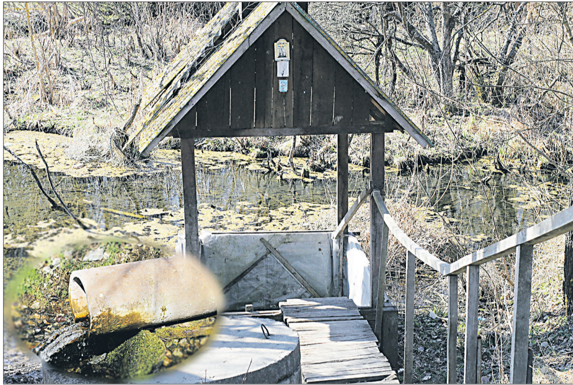
■ Сгнившие доски купели и лестницы, удручающее состояние колец и трубы - сегодня родник на х. Крестов требует незамедлительного обустройства.

Согласно предварительным данным, 39-летняя женщина на «Хендэ Туксон» при повороте налево на регулируемом перекрёстке не уступила дорогу «Дэу Нексии» под управлением 37-летнего мужчины. Он двигался со встречного направления прямо. Пассажир «Дэу Нексии» госпитализирована.
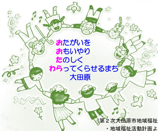
(第2次大田原市地域福祉計画 ・地域福祉活動計画より)

このようなことを意識することで、「地域ぐるみのふくし共育」が形作られると思います。今後も各地域で様々な人たちが協力し合いながら、「ふくし共育」の取組みを進めていただければと思います。
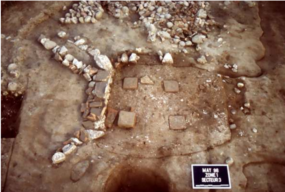
Fig. n°3 : Hypocauste dégagé au sud du chantier

Auteur(s) : Buffat, Loïc. Crédits : ADLFI (2004)
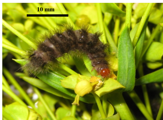
شکل ۷- لارو سن پنج شب‌پره A. phegea (اصلی)
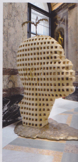
FIG. 6 (CI-DESSUS ET EN BAS) : Aimé Mpane (né en 1968). Nouveau souffle ou le Congo bourgeonnant , 2017. Vit et travaille à Nivelles, Belgique. Bois et bronze. MRAC, 2017.7.1.

1897 Exposition internationale de Bruxelles and, by extension, is an homage to all of the Congolese victims of colonization. In an adjoining gallery, Michèle Magma shows herself side by side with her mother and her grandmother (figs. 5a-c), three frontally depicted women who gaze upon the visitor in an installation of photographs and drawings titled Mémoire Hévéa ( Hévéa Memory ). In the "Africans" gallery, devoted to the African presence in Belgium, Aimé Ntakiyica's Une histoire de famille: arbre généalogique #1 ( A Family Story: Genealogical Tree #1 ) is on view (fig. 3), shedding light upon the history of the Burundian diaspora. The center of the museum's great rotunda, where the colonial propaganda is the most palpable, now features a monumental head by artist Aimé Mpane, giving the central message of the museum back to Africa
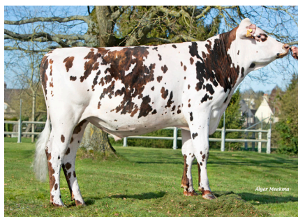
RILEY JET (Octavius)
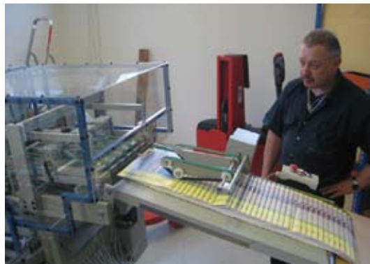
Oben: Von den Druckdaten zum fertigen Produkt ...
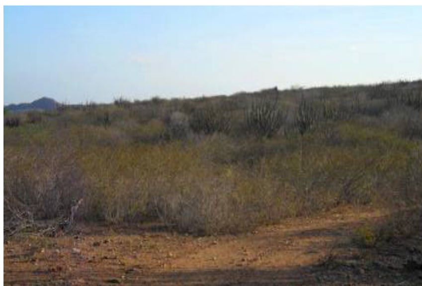
Figura 8. Estrato arbustivo com muita presença de cactáceas.
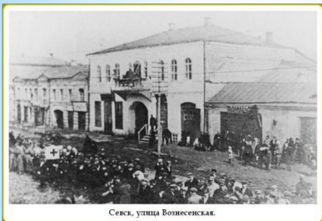
Севск, улица Вознесенская.
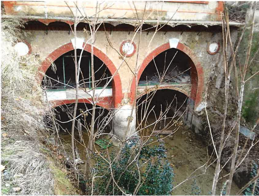
Sortida aigua turbinada, part posterior edifici
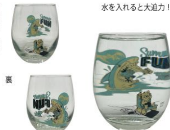
水を入れると大迫力!
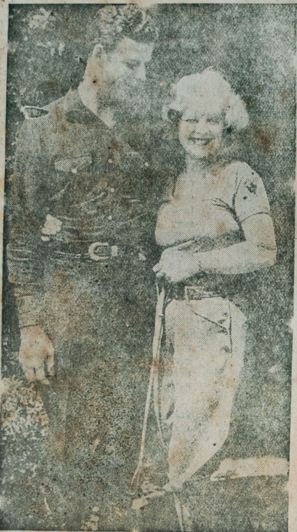
CLARA BOW y REX BELL, dos estrellas de fama en Hollywood, tomando "aire" después del "calorcito" de los "prados cinematográficos"
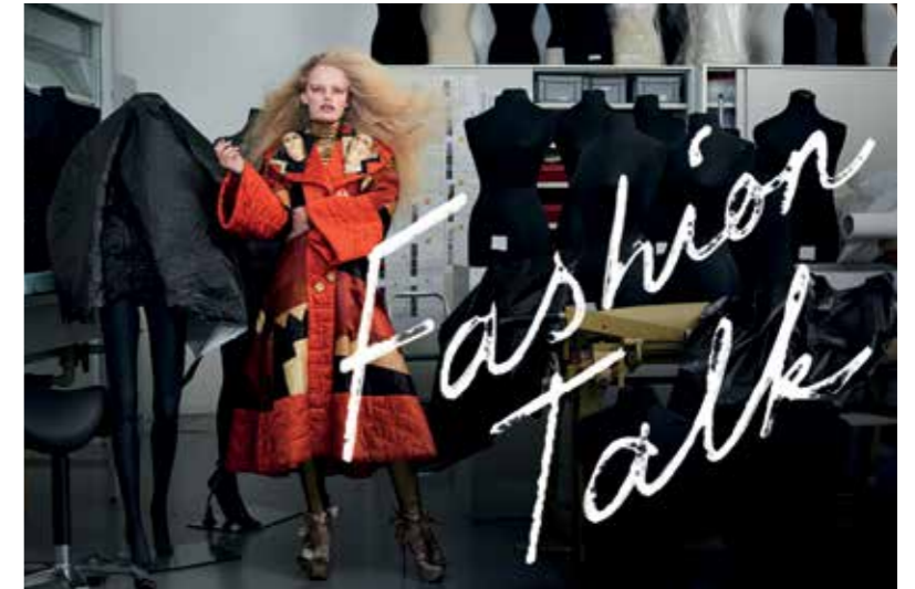
Fashion Talk

Speciaal voor anderstaligen in de buurt is de OBA op het Roelof Hartplein gestart met het Taalcafé. Deze activiteit is voor anderstaligen om op een leuke en spellende wijze de Nederlands taal te oefenen. Ontmoeting bij het leren van de taal staat centraal. Onder het genot van een kop koffie of thee leren deelnemers nieuwe mensen kennen. De activiteit vindt elke donderdag plaats van 14.30

·····

• Work to complete: Report how many lines of the listing above include the word "Aimé". Say nothing but the number.

• Output below: 2